*DATA RECORDS*:
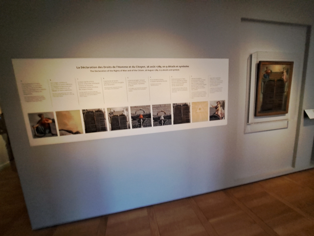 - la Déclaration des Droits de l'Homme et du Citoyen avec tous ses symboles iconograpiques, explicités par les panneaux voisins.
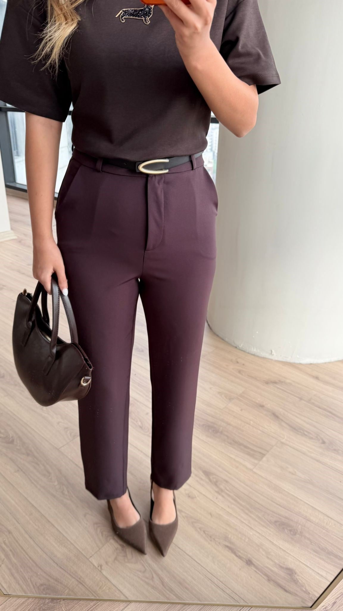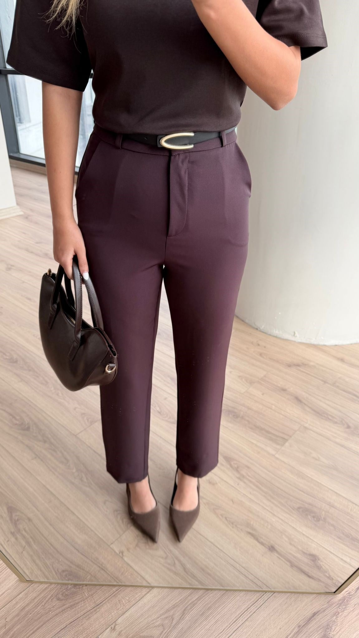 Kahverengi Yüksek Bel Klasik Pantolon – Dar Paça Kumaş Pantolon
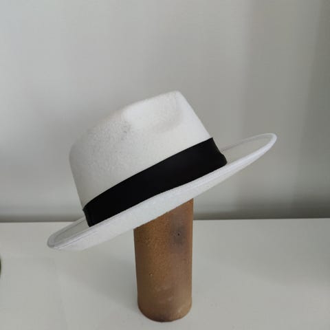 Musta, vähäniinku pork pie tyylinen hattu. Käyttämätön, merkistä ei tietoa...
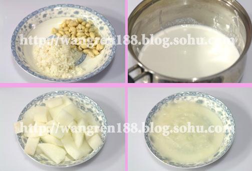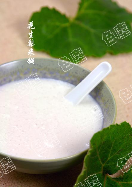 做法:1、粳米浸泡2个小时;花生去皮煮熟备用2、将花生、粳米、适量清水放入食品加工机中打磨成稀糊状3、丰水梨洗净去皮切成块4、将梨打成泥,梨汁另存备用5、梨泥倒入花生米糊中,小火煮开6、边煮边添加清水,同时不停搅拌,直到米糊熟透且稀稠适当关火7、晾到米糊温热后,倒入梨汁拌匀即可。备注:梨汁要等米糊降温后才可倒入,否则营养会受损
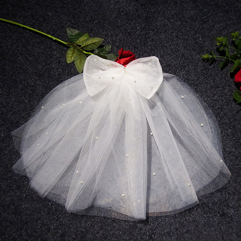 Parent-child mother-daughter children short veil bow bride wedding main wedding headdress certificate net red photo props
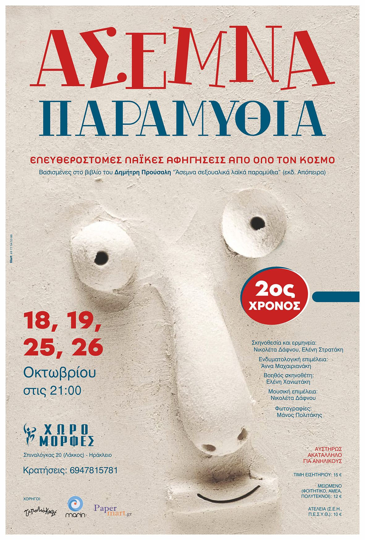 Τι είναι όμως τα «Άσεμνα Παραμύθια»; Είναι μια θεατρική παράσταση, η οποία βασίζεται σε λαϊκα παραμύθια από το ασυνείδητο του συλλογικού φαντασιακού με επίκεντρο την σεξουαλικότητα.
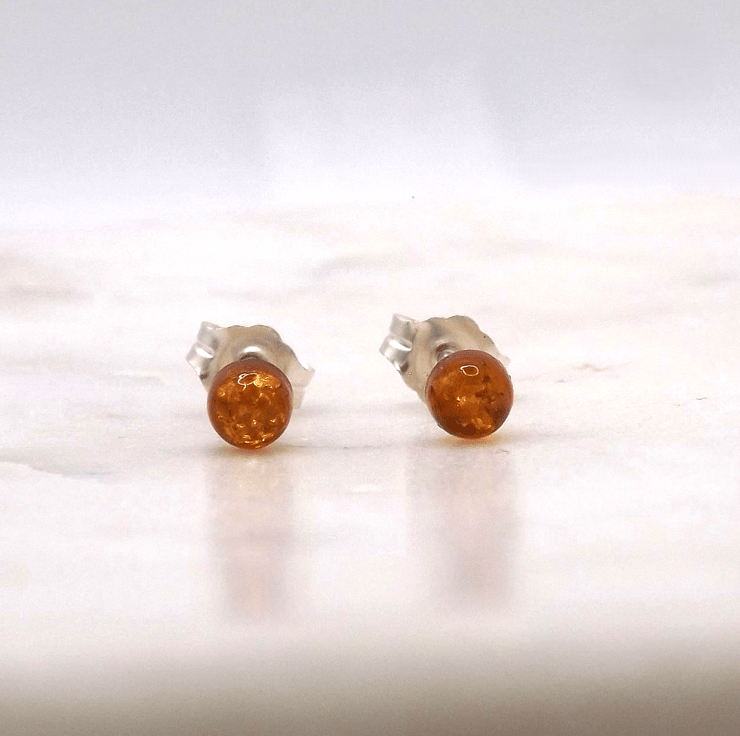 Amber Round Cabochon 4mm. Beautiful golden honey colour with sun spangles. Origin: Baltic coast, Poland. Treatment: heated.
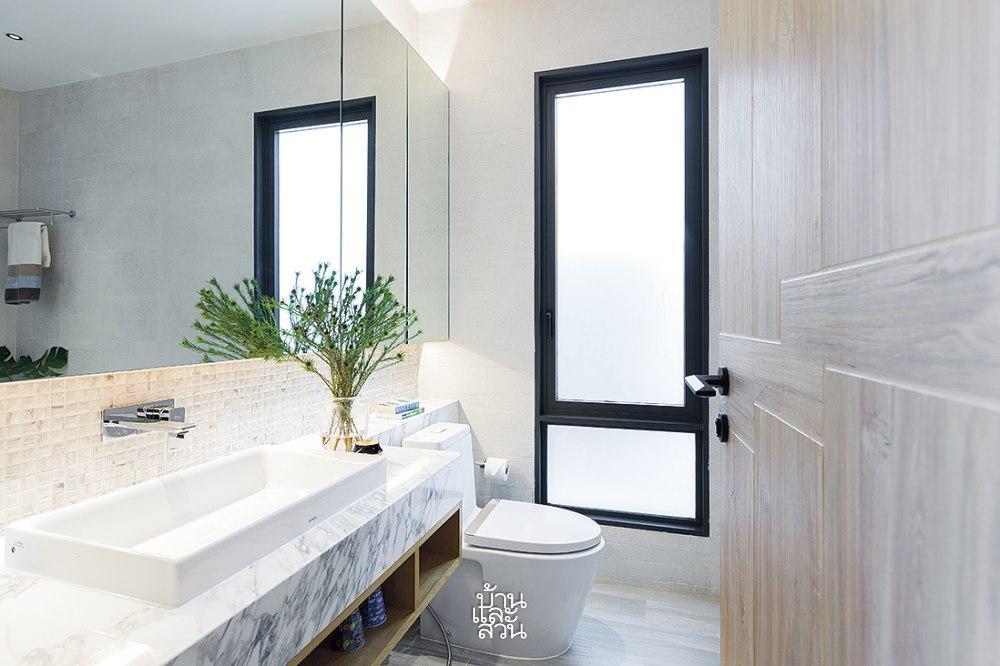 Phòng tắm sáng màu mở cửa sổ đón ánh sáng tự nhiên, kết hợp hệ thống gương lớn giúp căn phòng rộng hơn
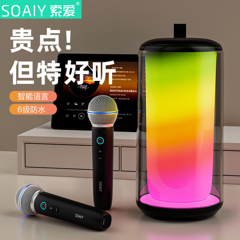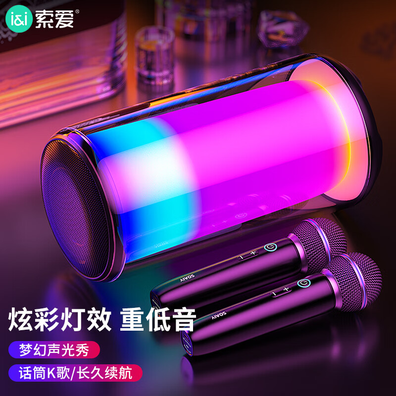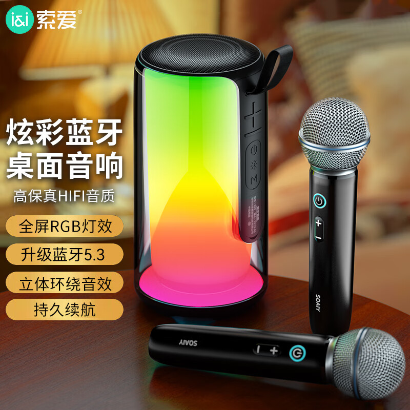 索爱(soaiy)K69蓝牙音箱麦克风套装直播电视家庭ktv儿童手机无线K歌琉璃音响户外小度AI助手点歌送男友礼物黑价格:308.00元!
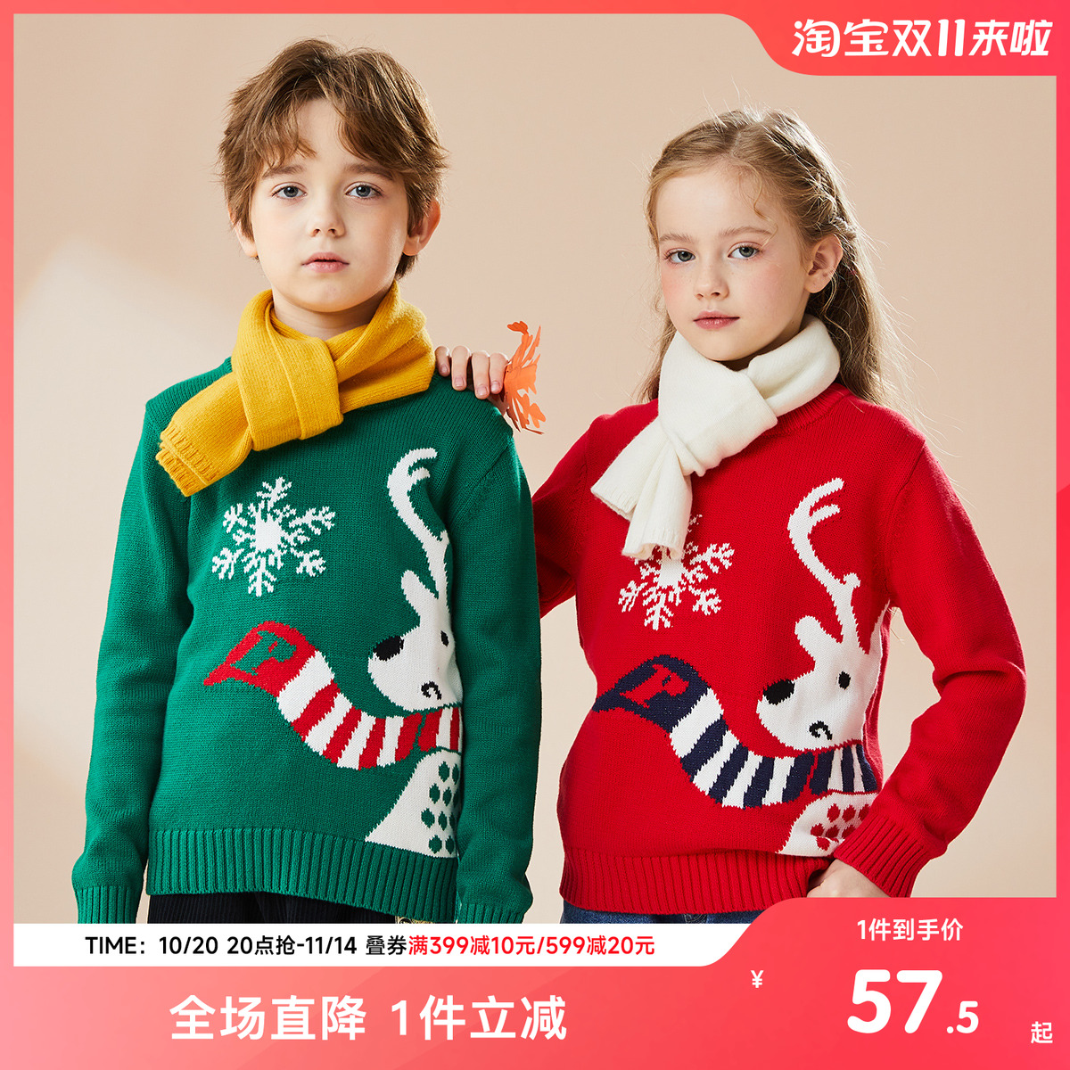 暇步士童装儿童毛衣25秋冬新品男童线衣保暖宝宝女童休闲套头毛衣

*WHAT TO PRODUCE*:
Retype each line above precisely, please. Skip anything that is a picture.

*WORKED SOLUTION*:
 - la Déclaration des Droits de l'Homme et du Citoyen avec tous ses symboles iconograpiques, explicités par les panneaux voisins.
 Kahverengi Yüksek Bel Klasik Pantolon – Dar Paça Kumaş Pantolon
 Musta, vähäniinku pork pie tyylinen hattu. Käyttämätön, merkistä ei tietoa...
 做法:1、粳米浸泡2个小时;花生去皮煮熟备用2、将花生、粳米、适量清水放入食品加工机中打磨成稀糊状3、丰水梨洗净去皮切成块4、将梨打成泥,梨汁另存备用5、梨泥倒入花生米糊中,小火煮开6、边煮边添加清水,同时不停搅拌,直到米糊熟透且稀稠适当关火7、晾到米糊温热后,倒入梨汁拌匀即可。备注:梨汁要等米糊降温后才可倒入,否则营养会受损
 Parent-child mother-daughter children short veil bow bride wedding main wedding headdress certificate net red photo props
 Τι είναι όμως τα «Άσεμνα Παραμύθια»; Είναι μια θεατρική παράσταση, η οποία βασίζεται σε λαϊκα παραμύθια από το ασυνείδητο του συλλογικού φαντασιακού με επίκεντρο την σεξουαλικότητα.
 Amber Round Cabochon 4mm. Beautiful golden honey colour with sun spangles. Origin: Baltic coast, Poland. Treatment: heated.
 Phòng tắm sáng màu mở cửa sổ đón ánh sáng tự nhiên, kết hợp hệ thống gương lớn giúp căn phòng rộng hơn
 索爱(soaiy)K69蓝牙音箱麦克风套装直播电视家庭ktv儿童手机无线K歌琉璃音响户外小度AI助手点歌送男友礼物黑价格:308.00元!
 暇步士童装儿童毛衣25秋冬新品男童线衣保暖宝宝女童休闲套头毛衣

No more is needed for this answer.